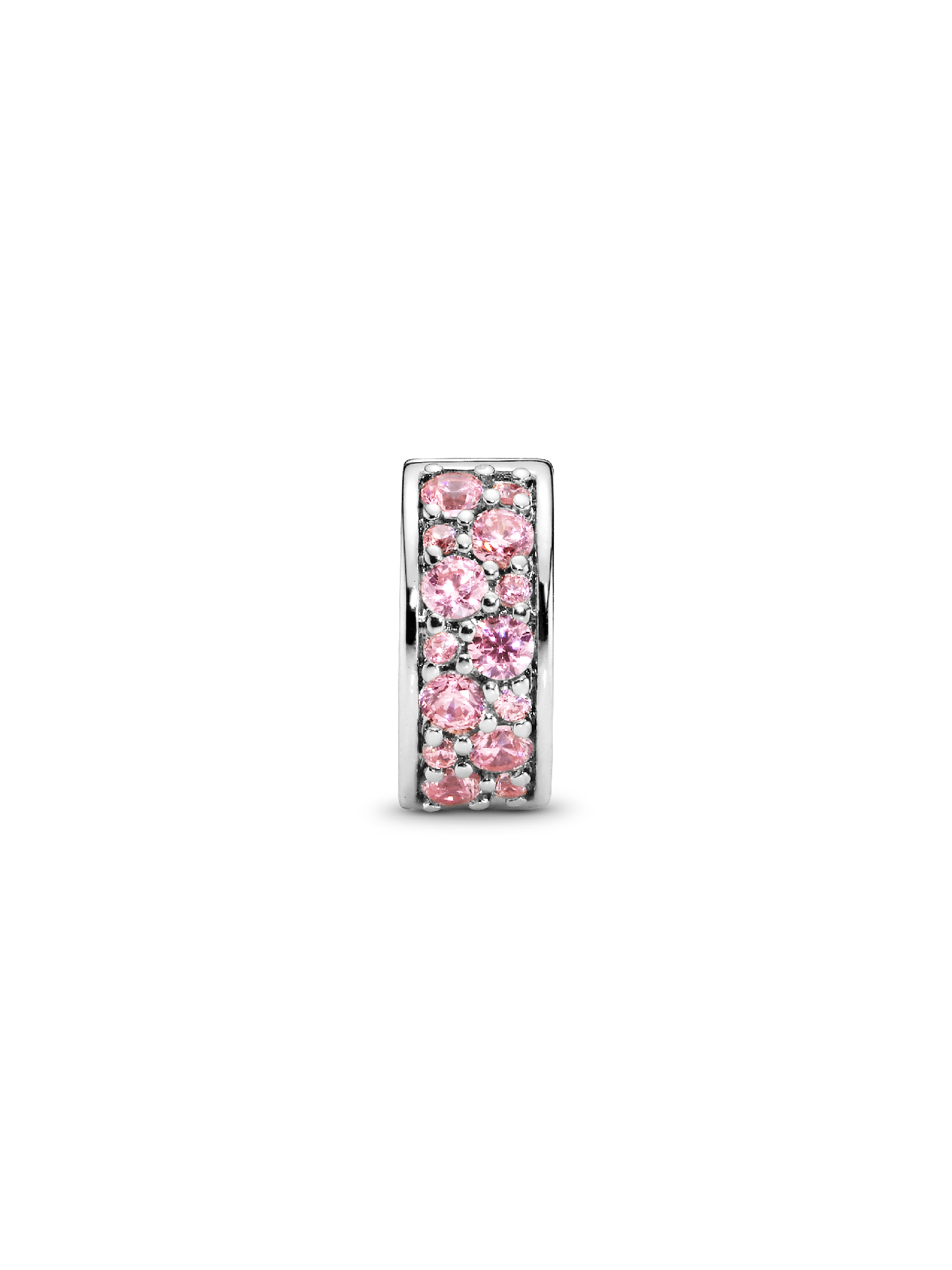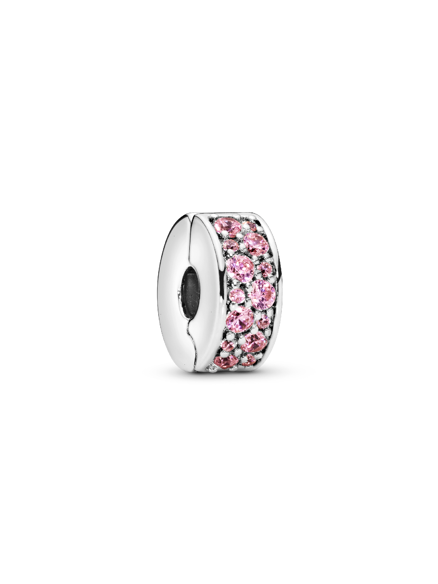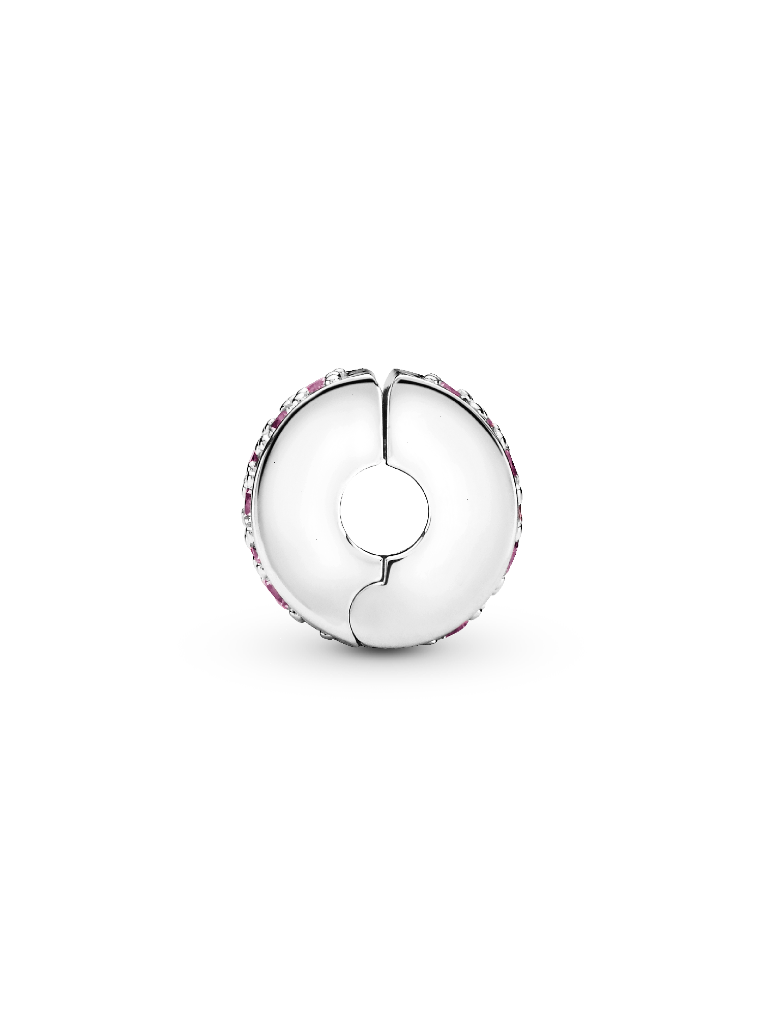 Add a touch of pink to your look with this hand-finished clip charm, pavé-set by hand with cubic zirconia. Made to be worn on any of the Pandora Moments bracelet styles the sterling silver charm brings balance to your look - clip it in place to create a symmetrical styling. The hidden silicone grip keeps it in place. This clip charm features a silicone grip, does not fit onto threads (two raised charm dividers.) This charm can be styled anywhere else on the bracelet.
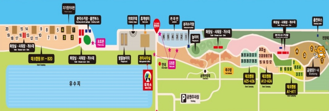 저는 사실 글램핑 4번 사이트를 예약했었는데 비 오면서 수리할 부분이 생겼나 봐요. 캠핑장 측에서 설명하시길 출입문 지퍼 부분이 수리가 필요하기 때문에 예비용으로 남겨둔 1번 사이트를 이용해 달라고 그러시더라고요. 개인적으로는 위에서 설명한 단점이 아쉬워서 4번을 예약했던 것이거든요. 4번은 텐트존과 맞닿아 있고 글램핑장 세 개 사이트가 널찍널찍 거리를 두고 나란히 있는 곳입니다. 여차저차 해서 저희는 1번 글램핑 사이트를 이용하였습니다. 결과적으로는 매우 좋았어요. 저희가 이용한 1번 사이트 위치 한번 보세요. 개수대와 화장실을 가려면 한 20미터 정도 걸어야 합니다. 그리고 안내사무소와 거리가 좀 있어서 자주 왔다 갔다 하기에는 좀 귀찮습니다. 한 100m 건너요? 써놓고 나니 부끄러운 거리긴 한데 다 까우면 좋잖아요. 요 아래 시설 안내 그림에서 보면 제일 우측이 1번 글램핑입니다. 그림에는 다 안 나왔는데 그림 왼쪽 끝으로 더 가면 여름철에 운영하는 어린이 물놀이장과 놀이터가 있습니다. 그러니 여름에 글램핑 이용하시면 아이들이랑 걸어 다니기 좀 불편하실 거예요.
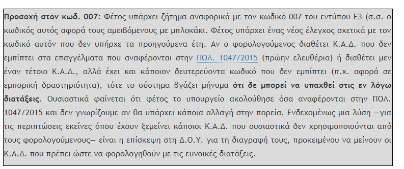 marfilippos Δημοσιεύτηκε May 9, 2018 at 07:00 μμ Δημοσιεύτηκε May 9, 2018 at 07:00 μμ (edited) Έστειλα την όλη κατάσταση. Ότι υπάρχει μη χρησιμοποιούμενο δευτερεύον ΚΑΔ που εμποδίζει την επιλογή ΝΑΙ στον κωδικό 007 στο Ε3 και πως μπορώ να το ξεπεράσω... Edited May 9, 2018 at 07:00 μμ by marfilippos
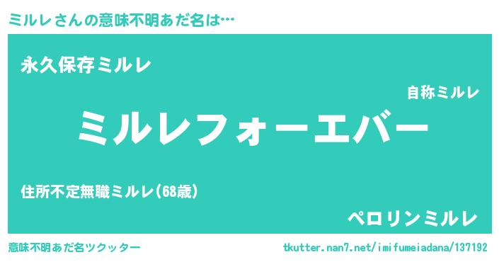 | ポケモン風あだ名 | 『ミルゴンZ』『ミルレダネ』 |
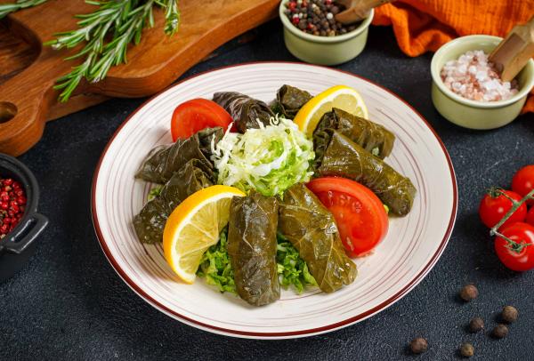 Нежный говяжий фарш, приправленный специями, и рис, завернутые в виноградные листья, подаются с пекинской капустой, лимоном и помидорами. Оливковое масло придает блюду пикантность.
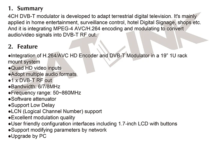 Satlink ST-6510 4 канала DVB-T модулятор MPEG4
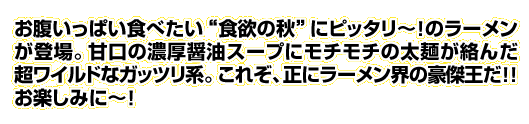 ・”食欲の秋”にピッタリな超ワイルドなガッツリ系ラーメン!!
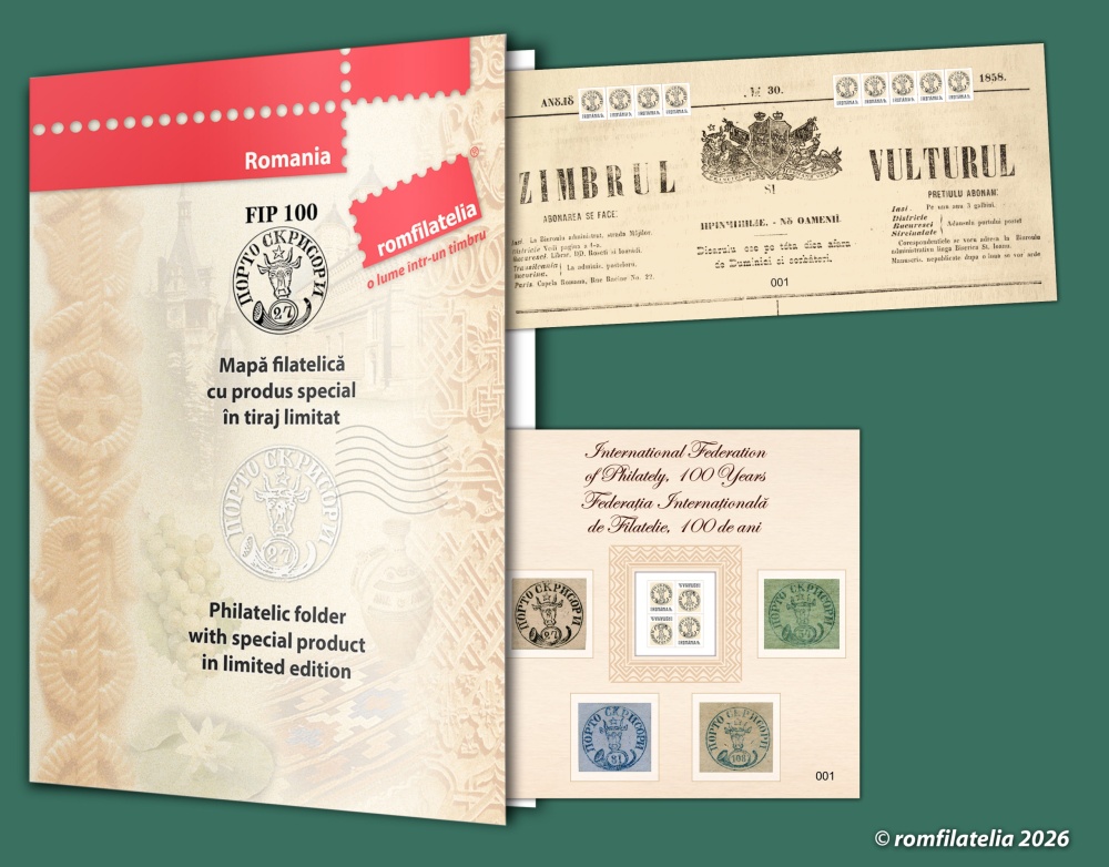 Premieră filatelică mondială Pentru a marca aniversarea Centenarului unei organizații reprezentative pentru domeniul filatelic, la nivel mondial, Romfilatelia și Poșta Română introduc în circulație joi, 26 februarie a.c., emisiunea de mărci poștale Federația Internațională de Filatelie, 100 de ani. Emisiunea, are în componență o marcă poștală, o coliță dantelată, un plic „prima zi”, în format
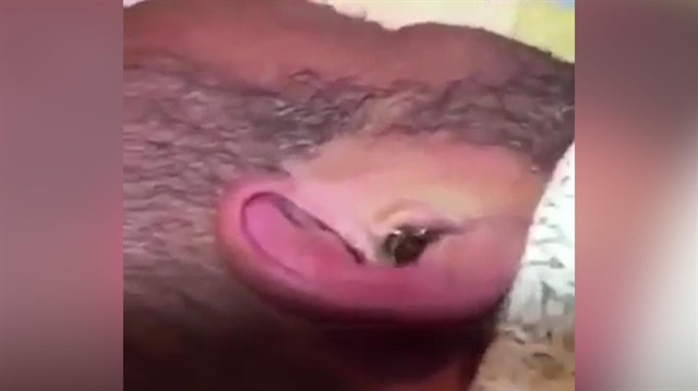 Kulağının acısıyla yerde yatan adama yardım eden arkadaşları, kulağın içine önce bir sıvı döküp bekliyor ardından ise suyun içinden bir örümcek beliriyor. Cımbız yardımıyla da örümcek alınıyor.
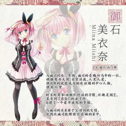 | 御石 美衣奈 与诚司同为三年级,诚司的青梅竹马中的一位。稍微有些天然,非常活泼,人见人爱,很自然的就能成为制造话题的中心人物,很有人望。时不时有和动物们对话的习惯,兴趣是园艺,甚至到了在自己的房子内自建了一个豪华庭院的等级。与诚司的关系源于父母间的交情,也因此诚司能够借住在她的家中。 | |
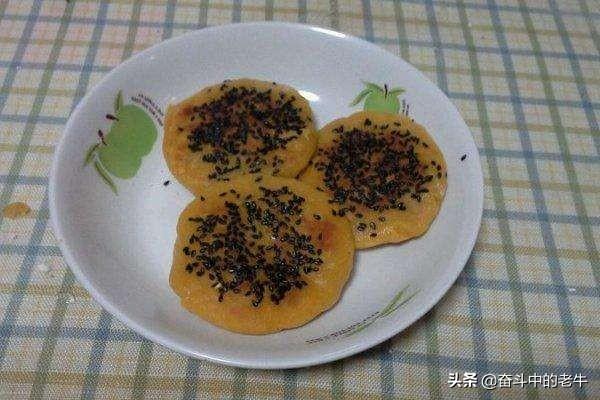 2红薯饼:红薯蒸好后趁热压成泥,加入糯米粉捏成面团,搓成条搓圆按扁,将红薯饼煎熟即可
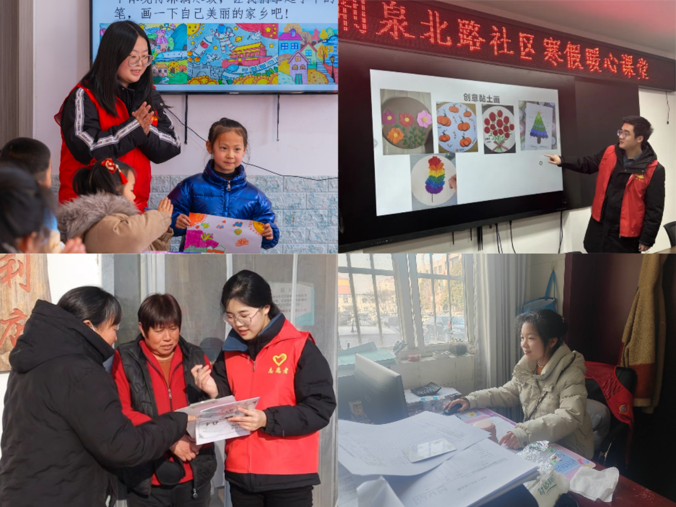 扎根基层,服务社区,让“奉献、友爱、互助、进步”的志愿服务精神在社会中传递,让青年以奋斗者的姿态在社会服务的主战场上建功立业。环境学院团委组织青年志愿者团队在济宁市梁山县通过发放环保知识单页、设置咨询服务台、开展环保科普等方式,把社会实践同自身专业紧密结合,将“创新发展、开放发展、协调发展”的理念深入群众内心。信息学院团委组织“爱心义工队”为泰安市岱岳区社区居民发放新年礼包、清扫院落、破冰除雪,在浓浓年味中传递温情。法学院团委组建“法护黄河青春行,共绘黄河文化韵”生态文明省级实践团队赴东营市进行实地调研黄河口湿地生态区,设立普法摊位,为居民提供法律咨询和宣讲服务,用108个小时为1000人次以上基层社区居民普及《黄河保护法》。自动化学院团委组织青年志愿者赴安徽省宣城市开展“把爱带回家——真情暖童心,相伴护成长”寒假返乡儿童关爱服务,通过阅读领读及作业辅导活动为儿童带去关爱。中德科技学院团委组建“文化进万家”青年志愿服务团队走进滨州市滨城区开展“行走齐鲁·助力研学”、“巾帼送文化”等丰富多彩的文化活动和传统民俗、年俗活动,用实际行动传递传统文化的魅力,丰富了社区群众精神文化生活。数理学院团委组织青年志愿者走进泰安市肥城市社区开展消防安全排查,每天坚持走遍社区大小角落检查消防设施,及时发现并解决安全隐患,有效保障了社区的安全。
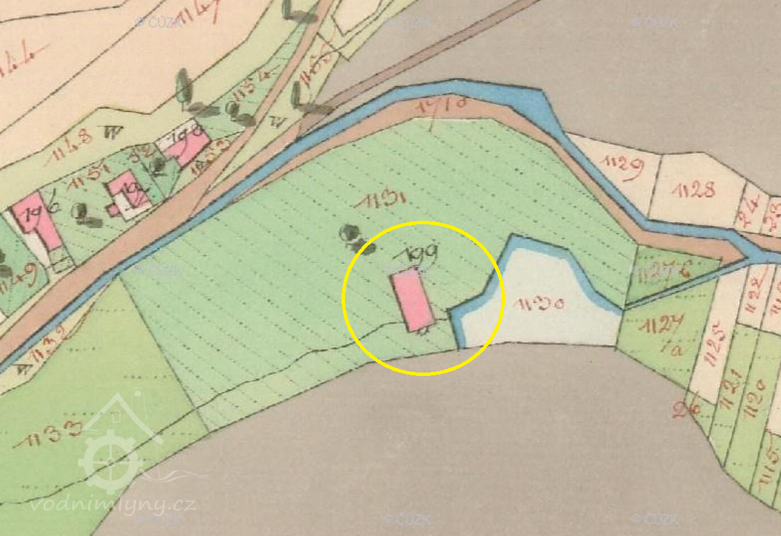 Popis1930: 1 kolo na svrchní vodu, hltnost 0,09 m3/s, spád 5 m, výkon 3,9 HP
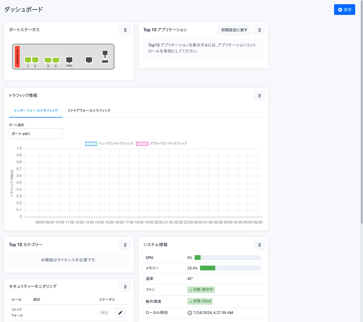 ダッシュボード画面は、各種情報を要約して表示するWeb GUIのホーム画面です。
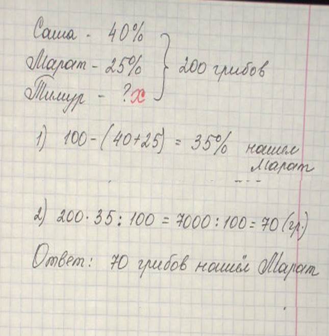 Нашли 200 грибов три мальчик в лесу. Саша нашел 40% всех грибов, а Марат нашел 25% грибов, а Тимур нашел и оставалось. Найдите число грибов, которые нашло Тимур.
::::
TASK ITEM
Would you please transcribe the listing in full, exactly, while omitting the images?

RESULT
 Add a touch of pink to your look with this hand-finished clip charm, pavé-set by hand with cubic zirconia. Made to be worn on any of the Pandora Moments bracelet styles the sterling silver charm brings balance to your look - clip it in place to create a symmetrical styling. The hidden silicone grip keeps it in place. This clip charm features a silicone grip, does not fit onto threads (two raised charm dividers.) This charm can be styled anywhere else on the bracelet.
 저는 사실 글램핑 4번 사이트를 예약했었는데 비 오면서 수리할 부분이 생겼나 봐요. 캠핑장 측에서 설명하시길 출입문 지퍼 부분이 수리가 필요하기 때문에 예비용으로 남겨둔 1번 사이트를 이용해 달라고 그러시더라고요. 개인적으로는 위에서 설명한 단점이 아쉬워서 4번을 예약했던 것이거든요. 4번은 텐트존과 맞닿아 있고 글램핑장 세 개 사이트가 널찍널찍 거리를 두고 나란히 있는 곳입니다. 여차저차 해서 저희는 1번 글램핑 사이트를 이용하였습니다. 결과적으로는 매우 좋았어요. 저희가 이용한 1번 사이트 위치 한번 보세요. 개수대와 화장실을 가려면 한 20미터 정도 걸어야 합니다. 그리고 안내사무소와 거리가 좀 있어서 자주 왔다 갔다 하기에는 좀 귀찮습니다. 한 100m 건너요? 써놓고 나니 부끄러운 거리긴 한데 다 까우면 좋잖아요. 요 아래 시설 안내 그림에서 보면 제일 우측이 1번 글램핑입니다. 그림에는 다 안 나왔는데 그림 왼쪽 끝으로 더 가면 여름철에 운영하는 어린이 물놀이장과 놀이터가 있습니다. 그러니 여름에 글램핑 이용하시면 아이들이랑 걸어 다니기 좀 불편하실 거예요.
 marfilippos Δημοσιεύτηκε May 9, 2018 at 07:00 μμ Δημοσιεύτηκε May 9, 2018 at 07:00 μμ (edited) Έστειλα την όλη κατάσταση. Ότι υπάρχει μη χρησιμοποιούμενο δευτερεύον ΚΑΔ που εμποδίζει την επιλογή ΝΑΙ στον κωδικό 007 στο Ε3 και πως μπορώ να το ξεπεράσω... Edited May 9, 2018 at 07:00 μμ by marfilippos
 | ポケモン風あだ名 | 『ミルゴンZ』『ミルレダネ』 |
 Нежный говяжий фарш, приправленный специями, и рис, завернутые в виноградные листья, подаются с пекинской капустой, лимоном и помидорами. Оливковое масло придает блюду пикантность.
 Satlink ST-6510 4 канала DVB-T модулятор MPEG4
 ・”食欲の秋”にピッタリな超ワイルドなガッツリ系ラーメン!!
 Premieră filatelică mondială Pentru a marca aniversarea Centenarului unei organizații reprezentative pentru domeniul filatelic, la nivel mondial, Romfilatelia și Poșta Română introduc în circulație joi, 26 februarie a.c., emisiunea de mărci poștale Federația Internațională de Filatelie, 100 de ani. Emisiunea, are în componență o marcă poștală, o coliță dantelată, un plic „prima zi”, în format
 Kulağının acısıyla yerde yatan adama yardım eden arkadaşları, kulağın içine önce bir sıvı döküp bekliyor ardından ise suyun içinden bir örümcek beliriyor. Cımbız yardımıyla da örümcek alınıyor.
 | 御石 美衣奈 与诚司同为三年级,诚司的青梅竹马中的一位。稍微有些天然,非常活泼,人见人爱,很自然的就能成为制造话题的中心人物,很有人望。时不时有和动物们对话的习惯,兴趣是园艺,甚至到了在自己的房子内自建了一个豪华庭院的等级。与诚司的关系源于父母间的交情,也因此诚司能够借住在她的家中。 | |
 2红薯饼:红薯蒸好后趁热压成泥,加入糯米粉捏成面团,搓成条搓圆按扁,将红薯饼煎熟即可
 扎根基层,服务社区,让“奉献、友爱、互助、进步”的志愿服务精神在社会中传递,让青年以奋斗者的姿态在社会服务的主战场上建功立业。环境学院团委组织青年志愿者团队在济宁市梁山县通过发放环保知识单页、设置咨询服务台、开展环保科普等方式,把社会实践同自身专业紧密结合,将“创新发展、开放发展、协调发展”的理念深入群众内心。信息学院团委组织“爱心义工队”为泰安市岱岳区社区居民发放新年礼包、清扫院落、破冰除雪,在浓浓年味中传递温情。法学院团委组建“法护黄河青春行,共绘黄河文化韵”生态文明省级实践团队赴东营市进行实地调研黄河口湿地生态区,设立普法摊位,为居民提供法律咨询和宣讲服务,用108个小时为1000人次以上基层社区居民普及《黄河保护法》。自动化学院团委组织青年志愿者赴安徽省宣城市开展“把爱带回家——真情暖童心,相伴护成长”寒假返乡儿童关爱服务,通过阅读领读及作业辅导活动为儿童带去关爱。中德科技学院团委组建“文化进万家”青年志愿服务团队走进滨州市滨城区开展“行走齐鲁·助力研学”、“巾帼送文化”等丰富多彩的文化活动和传统民俗、年俗活动,用实际行动传递传统文化的魅力,丰富了社区群众精神文化生活。数理学院团委组织青年志愿者走进泰安市肥城市社区开展消防安全排查,每天坚持走遍社区大小角落检查消防设施,及时发现并解决安全隐患,有效保障了社区的安全。
 Popis1930: 1 kolo na svrchní vodu, hltnost 0,09 m3/s, spád 5 m, výkon 3,9 HP
 ダッシュボード画面は、各種情報を要約して表示するWeb GUIのホーム画面です。
 Нашли 200 грибов три мальчик в лесу. Саша нашел 40% всех грибов, а Марат нашел 25% грибов, а Тимур нашел и оставалось. Найдите число грибов, которые нашло Тимур.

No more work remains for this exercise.